=== Dataset excerpt ===
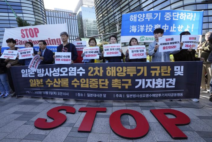 En Corea del Sur, cientos de personas se han reunido este jueves frente a la embajada japonesa en Seúl en protesta, para exigir que Japón detenga la liberación de agua radiactiva al océano, con carteles que afirman “Oponerse a liberar la segunda agua radiactiva al océano”.
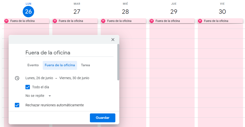 3. Una vez seleccionada la opción fuera de oficina, configurar la fecha, hora y hacer clic en guardar.
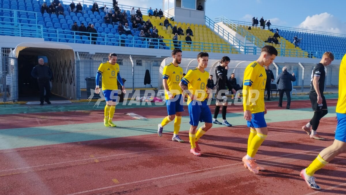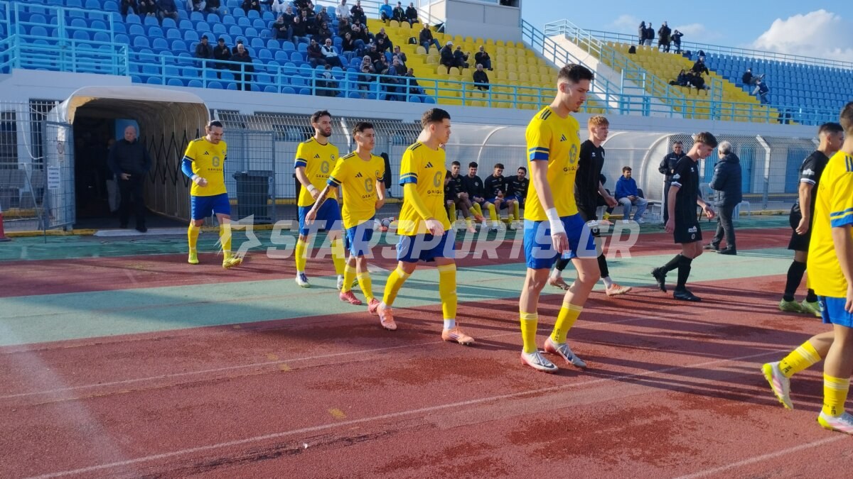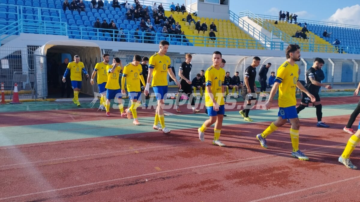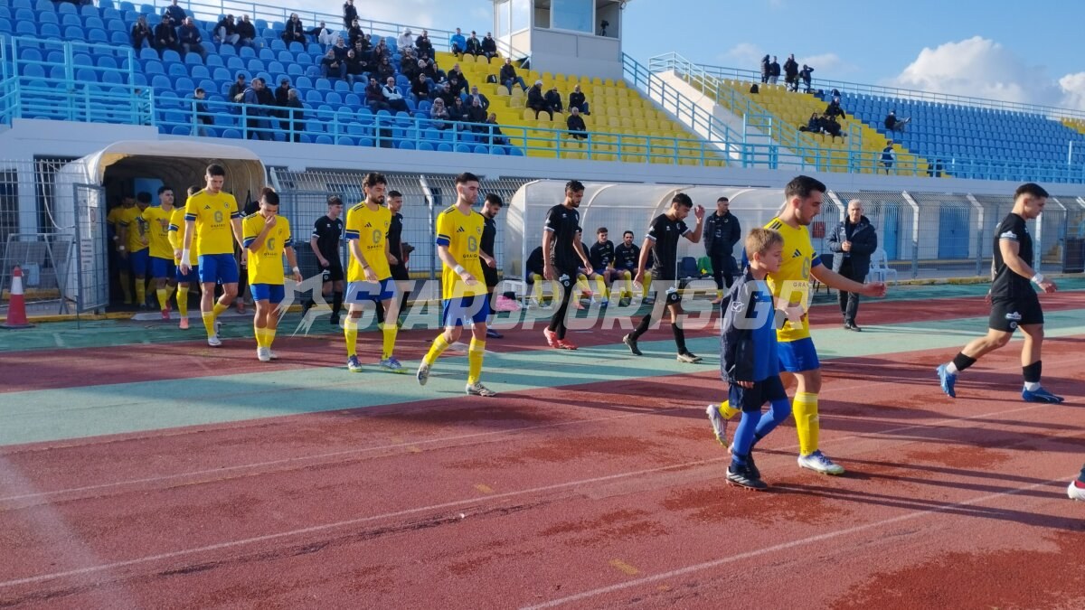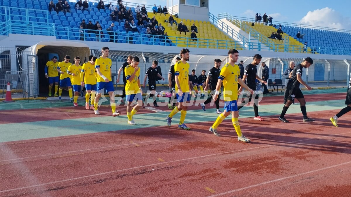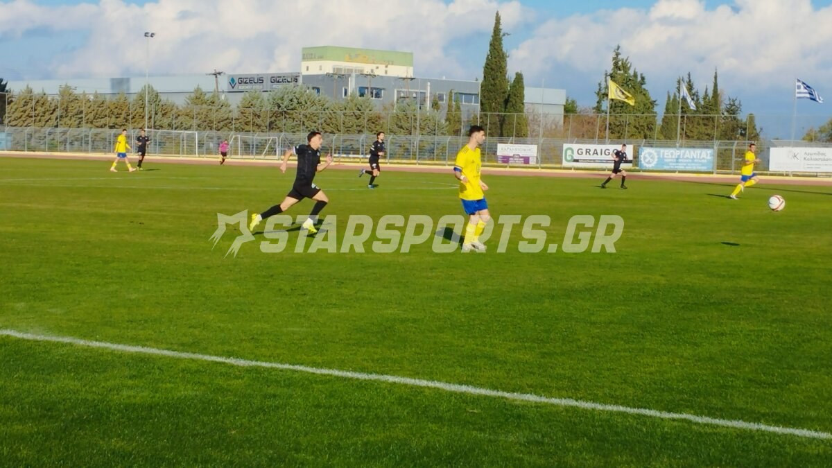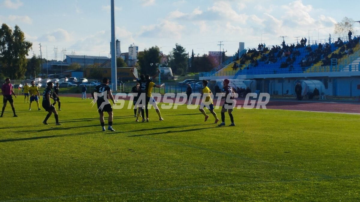 Οι φιλοξενούμενοι προηγήθηκαν στο σκορ στο 30’ με την εύστοχη εκτέλεση του αρχηγού, Μανιώτη, του πέναλτι που κέρδισε ο Δρόσος από τον Τσίκλο, για να είναι το 0-1 σκορ ημιχρόνου.
===
◆ Exercise brief ◆
The whole listing, minus its images, should be repeated exactly.

◆ Exercise answer ◆
 En Corea del Sur, cientos de personas se han reunido este jueves frente a la embajada japonesa en Seúl en protesta, para exigir que Japón detenga la liberación de agua radiactiva al océano, con carteles que afirman “Oponerse a liberar la segunda agua radiactiva al océano”.
 3. Una vez seleccionada la opción fuera de oficina, configurar la fecha, hora y hacer clic en guardar.
 Οι φιλοξενούμενοι προηγήθηκαν στο σκορ στο 30’ με την εύστοχη εκτέλεση του αρχηγού, Μανιώτη, του πέναλτι που κέρδισε ο Δρόσος από τον Τσίκλο, για να είναι το 0-1 σκορ ημιχρόνου.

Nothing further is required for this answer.